_WORK TO BE COMPLETED_
The expected response is the complete listing below, restated exactly, with its pictures omitted.

_AVAILABLE DATA_
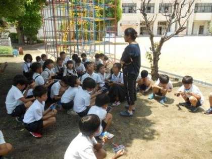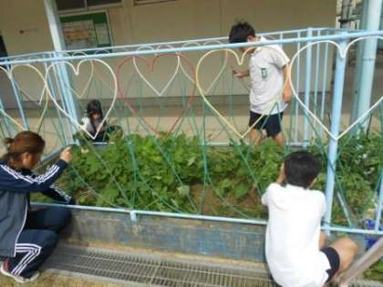 委員会活動では、学習園の草抜きに汗を流していました。ミニトマトが赤く色づき始めています。
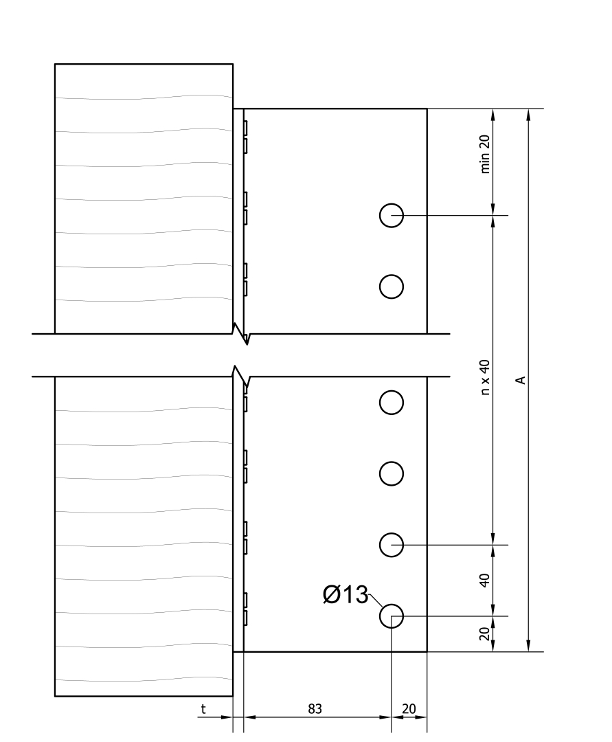 - Percer en même temps le bois et l'âme de l'étrier en prenant en compte les préconisations de perçages sur l'âme du BTALU. Le perçage du bois peut être effectué en amont et ainsi servir de guide pour la perforation des trous de broches dans l'âme de l'étrier,
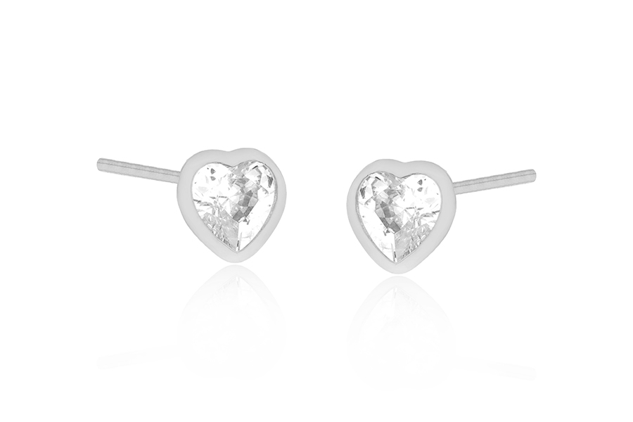 BRINCO BANHADO EM PRATA LEVE, CORAÇÃO 9mm LARGURA COM ZIRCÔNIAS BRANCAS OU COLORIDAS

_COMPLETED EXERCISE_
 委員会活動では、学習園の草抜きに汗を流していました。ミニトマトが赤く色づき始めています。
 - Percer en même temps le bois et l'âme de l'étrier en prenant en compte les préconisations de perçages sur l'âme du BTALU. Le perçage du bois peut être effectué en amont et ainsi servir de guide pour la perforation des trous de broches dans l'âme de l'étrier,
 BRINCO BANHADO EM PRATA LEVE, CORAÇÃO 9mm LARGURA COM ZIRCÔNIAS BRANCAS OU COLORIDAS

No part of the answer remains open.